Comment 2 for bug 1797990

Revision history for this message
Guilherme G. Piccoli (gpiccoli) wrote :

One problem faced during this approach was that the early-quirks code in x86 performs a recursive search in the PCI bus descending from the "first" bus 0000:00, and walking through all secondary busses by jumping between bridges. For historical perspective about this code's evolution, see [0].

This is not enough in multi-processor systems, which may have multiple PCIe root complexes, exposing many root ports and so describing multiple hierarchy domains. The PCIe spec even doesn't guarantee those hierarchies are capable of communicating; from PCIe spec 3.0, section 1.3.1: "[...] The capability to route peer-to-peer transactions between hierarchy domains through a Root
Complex is optional and implementation dependent. For example, an implementation may
incorporate a real or virtual Switch internally within the Root Complex to enable full peer-to-
peer support in a software transparent way."

Usually we don't see PCI devices unable to communicate to each other if they are under different host bridges (aka root complexes in PCIe terminology). But from a software perspective, what Linux sees are multiple PCI devices organized in a tree way. The naive recursion from check_dev_quirk() in arch/x86 can't reach all root complexes starting always from bus 0000:00.
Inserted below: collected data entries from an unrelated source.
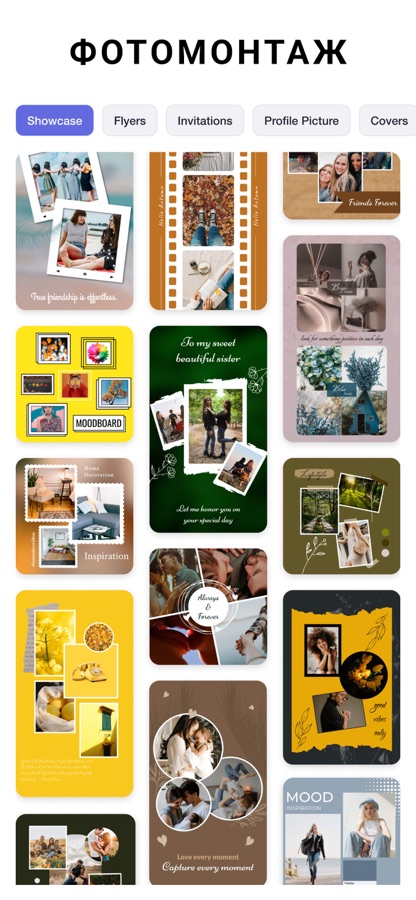 • Создавайте фотоколлажи, объединяя несколько изображений из огромного числа шаблонов и макетов
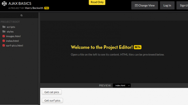 افراد پشت codepen یک (ide (integrated development enviroment ساخته اند که در مرورگر شما اجرا میشود. این شامل یک مدیر فایل سیستم هست که شما میتونید با drag & drop فایل ها رو داخلش جابجا کنید. با استفاده از این ابزار پروژه خودتون رو قبل از ساخت بصورت پیش نمایش داشته باشید.
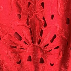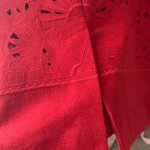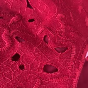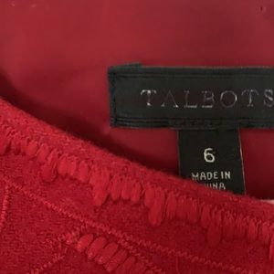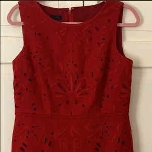 Talbots dark red wool blend sleeveless sheath dress with exquisite embroidered cut out pattern; fully lined, soft, no itching! Like new, only worn once!
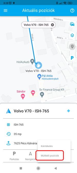 hanem az eszköz adatlapról is eléred, a két Korábbi opció közül a Múltbéli pozíciókra-ra koppintva.
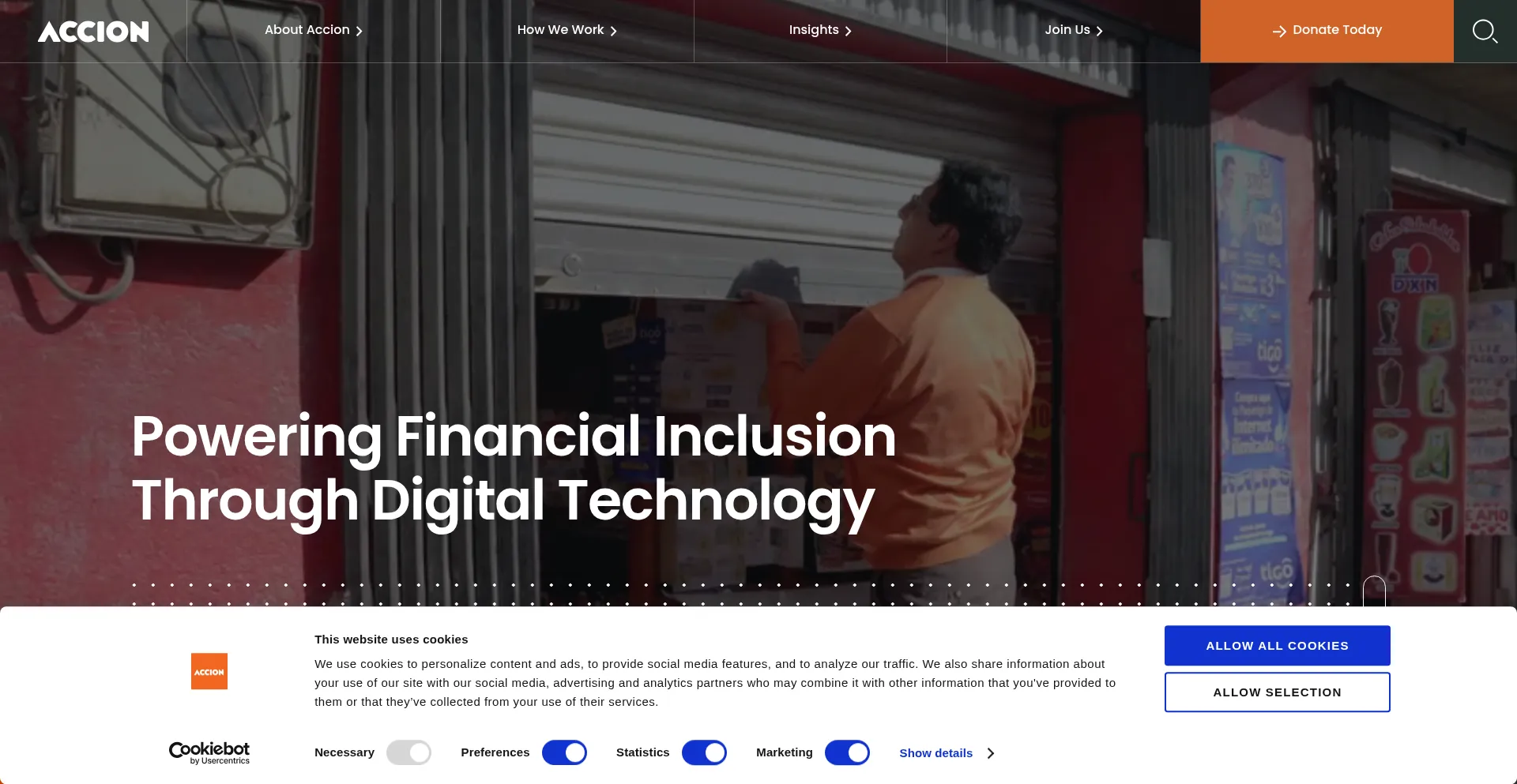 The website implements cookie consent mechanisms in compliance with privacy regulations such as GDPR or CCPA. This demonstrates that accion.org adheres to data protection standards and provides users with control over personal data collection practices.
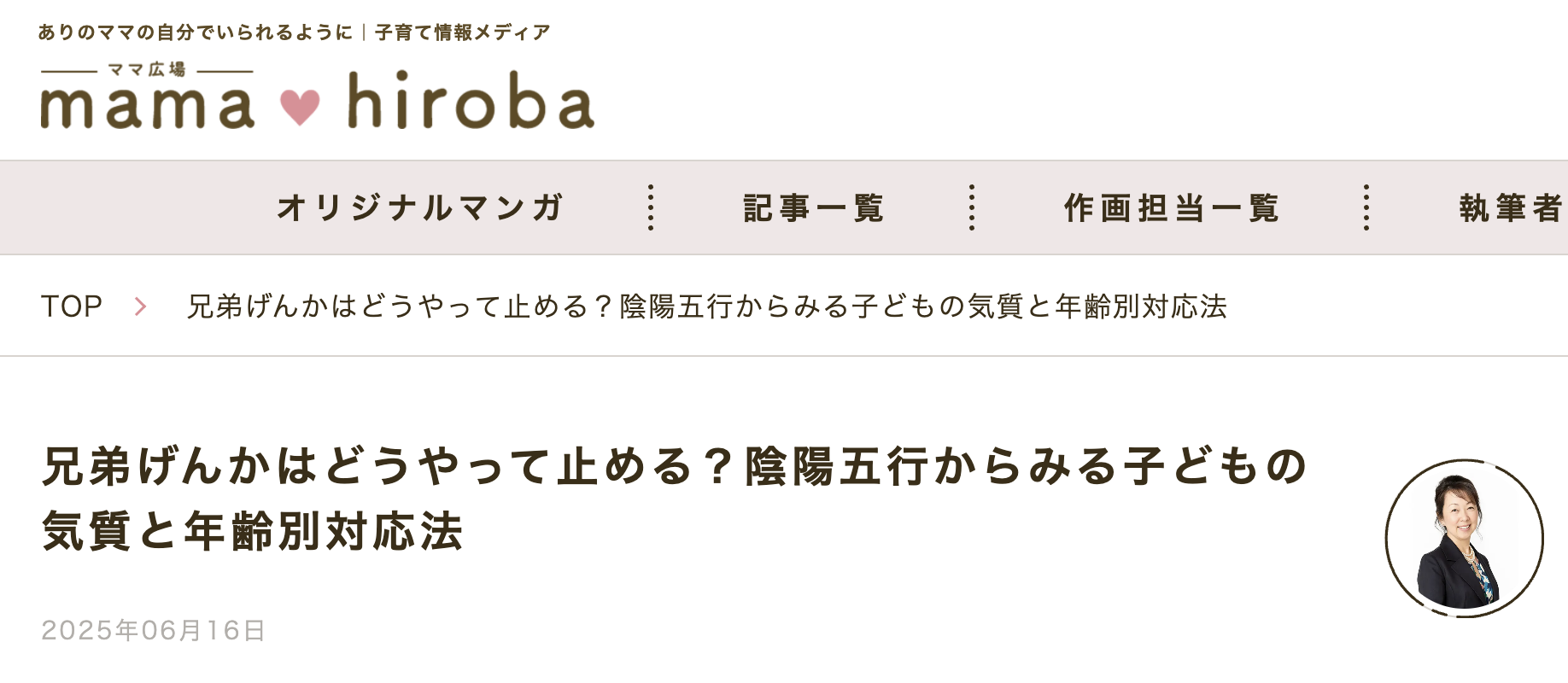 メディア掲載紹介〜どうして兄弟喧嘩するの?氣質の観点から
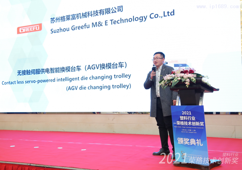 蘇州格萊富機械科技有限公司憑借突破性的產品創新,格萊富AGV無軌換模臺車成功斬獲2021塑料行業—榮格技術創新獎!
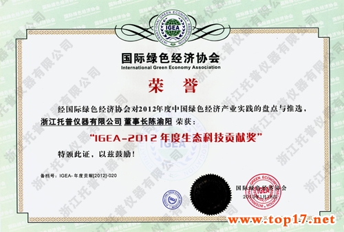 浙江托普儀器有限公司陳渝陽總經理應邀出席此次會議,并榮獲由國際綠色經濟協會頒發的“IGEA—2012年度生態科技貢獻獎”,此獎項是經國際綠色經濟協會對2012年度中國綠色經濟產業時間的盤點與推選而獲得。
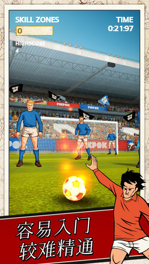 用直观的“划刷踢射” 控制, Flick Kick®足球不仅易玩,还对高手深具挑战性! 从球场各处轻拂手指可打出曲线球、吊球、传球及射门等动作。在多种模式下测试你的技能,包括靶心模式及限时攻击!升级你的球队工具,球及球迷来展现你的真风采! 你能获得关键射门的得分吗? 特征: - 直观的轻拂踢球 – 用手指轻划过球,可通过传球、曲线球等避过防守的人墙 - 独特的足球“黄金时代”展示 – 让自己沉浸在怀旧时代的图像 - GameCenter 排行榜和成就,让全世界看到你比好友们厉害多了 还具有如下多种模式: - 在线多人游戏和经典的传球踢球! - 练习模式,让你磨练你的技术 -…

To exemplify how this tree would look like with a single or with multi root bridges, we'll attach outputs of "lspci -t" for 2 system next.
That said, we needed to change the bus scanning process to be comprehensive and walk through all buses. Good references for multi-root-complex PCIe BIOS probe (like its numbering rationale), [1] and [2].

[0] The early PCI scan dates back to BitKeeper, added by Andi Kleen's "[PATCH] APIC fixes for x86-64", on October/2003. It initially restricted the search to the first 32 busses and slots. Due to a potential bug found in Nvidia chipsets, the scan was changed to run only in the first root bus: see commit 8659c406ade3 ("x86: only scan the root bus in early PCI quirks").
Finally, secondary busses reachable from the first bus were re-added back by: commit 850c321027c2 ("x86/quirks: Reintroduce scanning of secondary buses").

[1] https://codywu2010.wordpress.com/2015/11/29/how-modern-multi-processor-multi-root-complex-system-assigns-pci-bus-number/

[2] PCI Firmware Specification and the ACPI spec.